Work instruction ->
All lines from the one bearing "La casa cuenta" through the end of the data below must be printed exactly as they stand, with pictures removed.

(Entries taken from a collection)

= = =

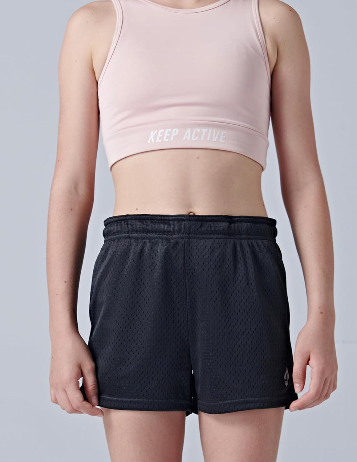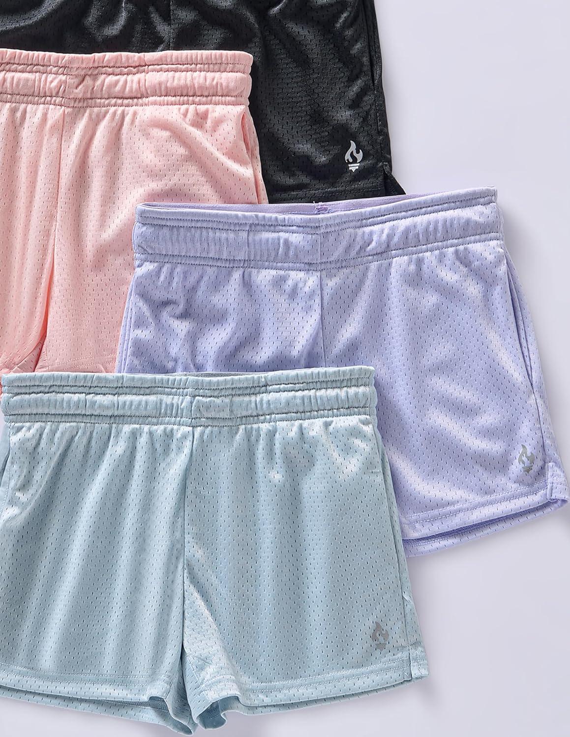 Liberty Pro 4 Pack: Girls Airy Mesh Active Athletic Sport Shorts, Youth Running Performance Clothes with Pockets(Black/Pink/Blue/Lilac)
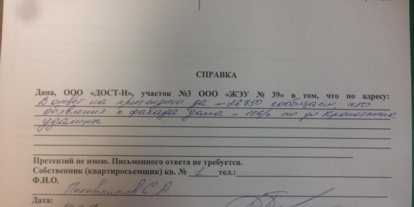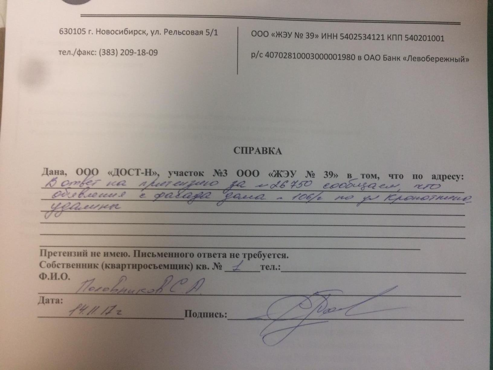 Номер жалобы:26750 Тип жалобы:Иные проблемы ЖКХ Название объекта:Управляющая Компания Регион:Новосибирская область Город:Новосибирск Адрес:ул. Кропоткина, 106/2 Описание жалобы:Объявления на фасаде дома Статус:
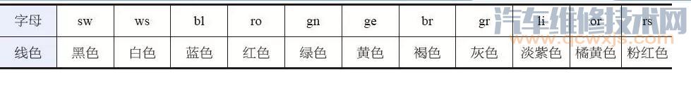 大眾車系單色線顏色字母代碼與豐田車系不同,采用小寫兩個字母組合表示單線色。
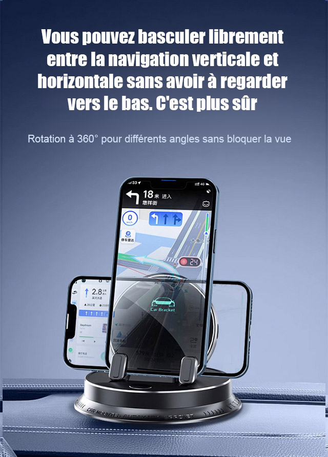 Sa rotation à 360 degrés vous permet de garder les yeux parallèles à la route. Vous ne baisserez plus jamais la tête pour conduire. Le silicone souple et épais protège votre appareil contre les rayures.
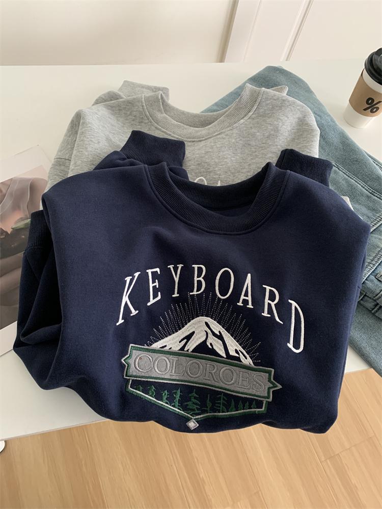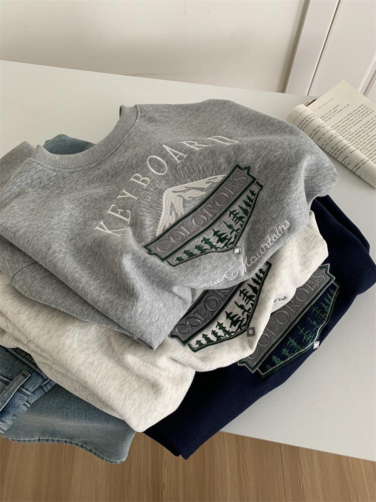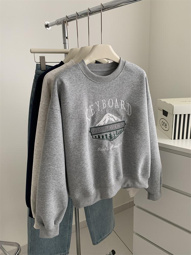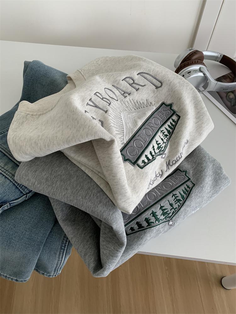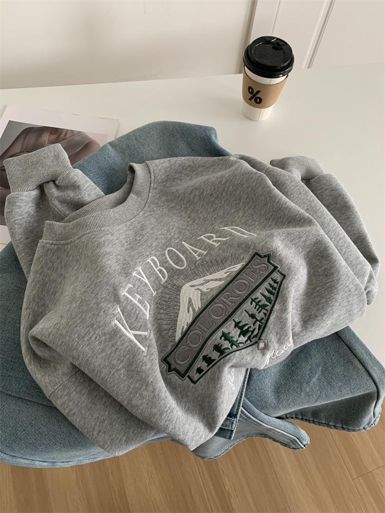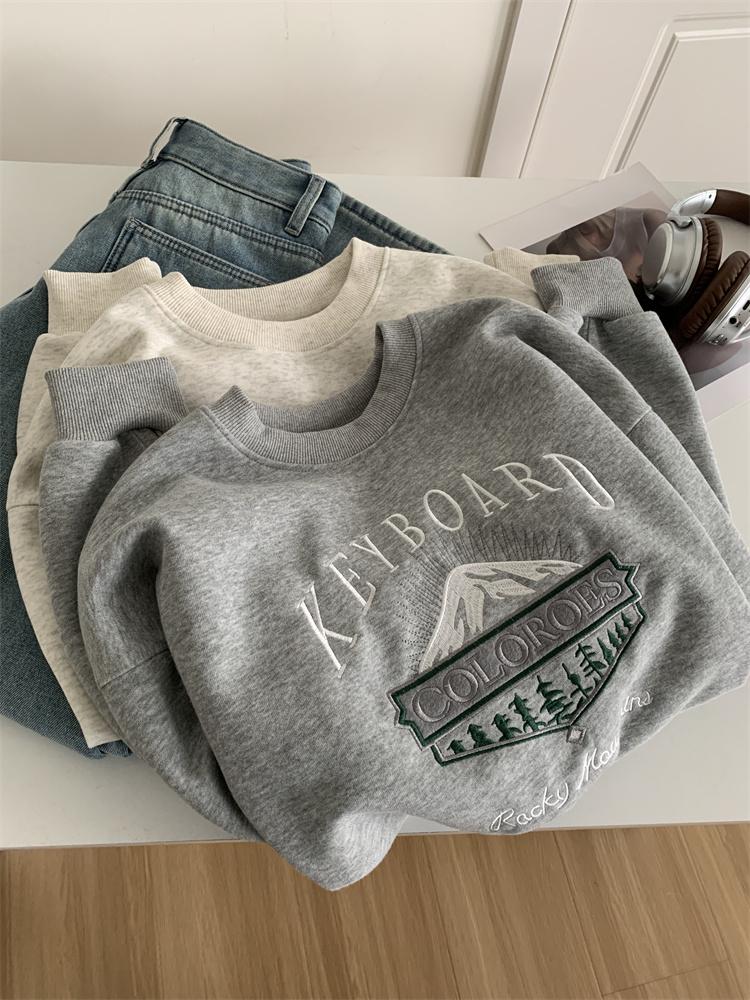 Moletom Pulôver de Gola Redonda com Bordado Pesado para Mulheres, Solto Casual Redutor de Idade Estilo Coreano Primavera e Outono Slim Versátil Top Estudantil Moderno
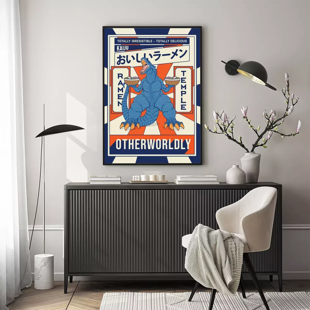Poster: Ein blauer Ramen-liebender Dinosaurier
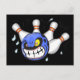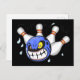 Bola de boliche zangada com pinos de Boliche, carta-postal divertida para esporte.
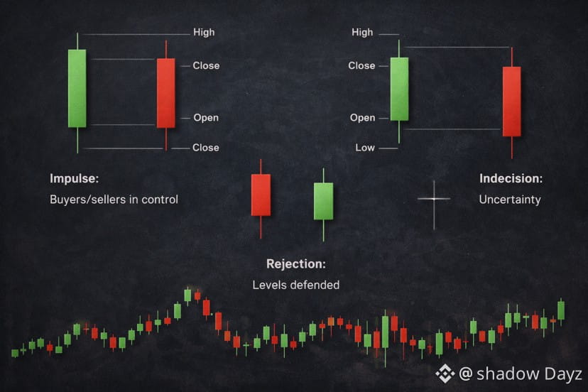 El cuerpo representa la distancia entre apertura y cierre, las mechas muestran hasta dónde el precio fue rechazado.
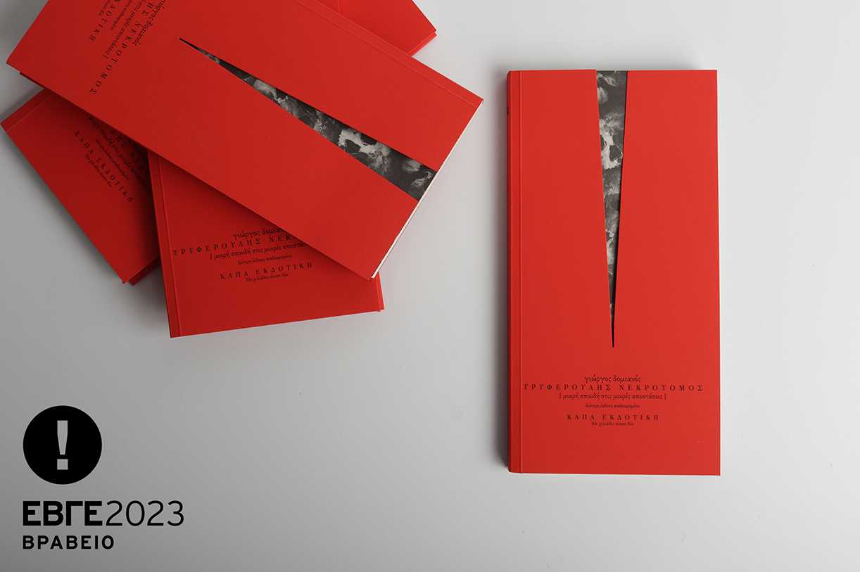 Συγκεκριμένα, ο Καβαλιώτης Editorial Designer πήρε το Βραβείο ΕΒΓΕ για τον σχεδιασμό του εξωφύλλου του βιβλίου του ποιητή Γιώργου Δομιανού «Τρυφερούλης νεκροτόμος» [Κάπα Εκδοτική, 2022] και τον Έπαινο ΕΒΓΕ για την ποιητική συλλογή «Εγώ θα σου μάθω πουλάκι μου», του ιδίου [Κάπα Εκδοτική, 2022].
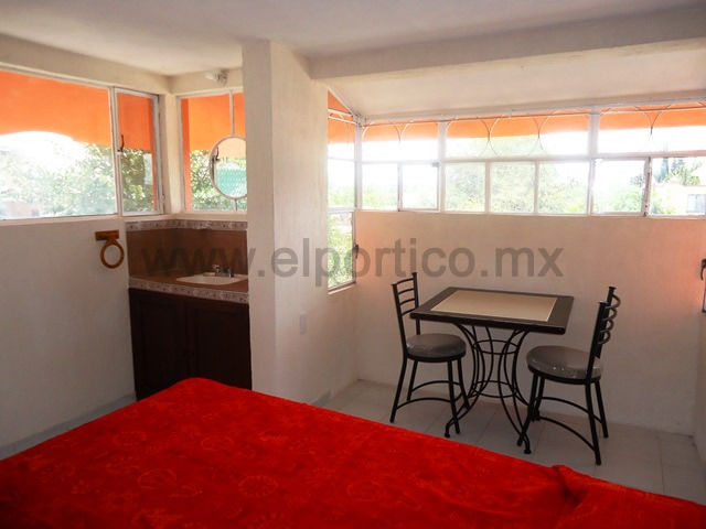 La casa cuenta con 2 recámaras, 2 baños, sala-comedor, cocina con barra, área de lavado, jardín y cochera para un auto. Los estudios tienen entrada propia y baño completo, perfectos para rentas de corto o largo plazo.
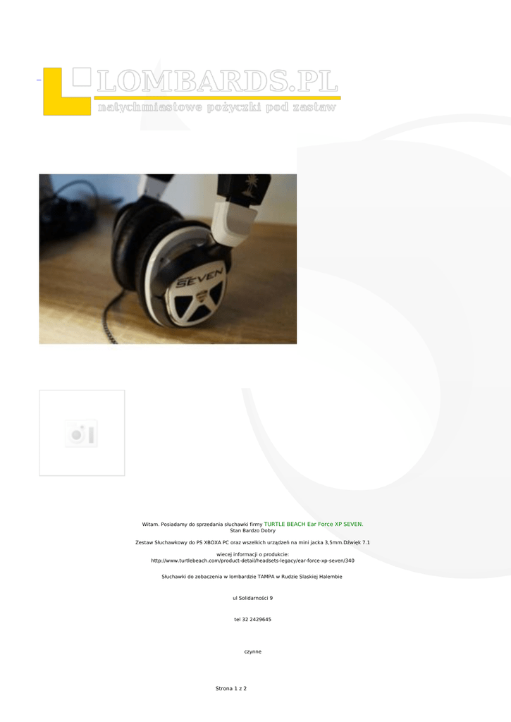 Witam. Posiadamy do sprzedania słuchawki firmy TURTLE BEACH Ear Force XP SEVEN. Stan Bardzo Dobry Zestaw Słuchawkowy do PS XBOXA PC oraz wszelkich urządzeń na mini jacka 3,5mm.Dźwięk 7.1 wiecej informacji o produkcie: http://www.turtlebeach.com/product-detail/headsets-legacy/ear-force-xp-seven/340 Słuchawki do zobaczenia w lombardzie TAMPA w Rudzie Slaskiej Halembie ul Solidarności 9 tel 32 2429645 czynne Strona 1 z 2 pn-pt 8.00 -18.00 sobota 8.00-14.00 możliwość wystawienia Faktury VAT-MARŻA Zapraszamy Strona 2 z 2

= = =

Task output ->
 La casa cuenta con 2 recámaras, 2 baños, sala-comedor, cocina con barra, área de lavado, jardín y cochera para un auto. Los estudios tienen entrada propia y baño completo, perfectos para rentas de corto o largo plazo.
 Witam. Posiadamy do sprzedania słuchawki firmy TURTLE BEACH Ear Force XP SEVEN. Stan Bardzo Dobry Zestaw Słuchawkowy do PS XBOXA PC oraz wszelkich urządzeń na mini jacka 3,5mm.Dźwięk 7.1 wiecej informacji o produkcie: http://www.turtlebeach.com/product-detail/headsets-legacy/ear-force-xp-seven/340 Słuchawki do zobaczenia w lombardzie TAMPA w Rudzie Slaskiej Halembie ul Solidarności 9 tel 32 2429645 czynne Strona 1 z 2 pn-pt 8.00 -18.00 sobota 8.00-14.00 możliwość wystawienia Faktury VAT-MARŻA Zapraszamy Strona 2 z 2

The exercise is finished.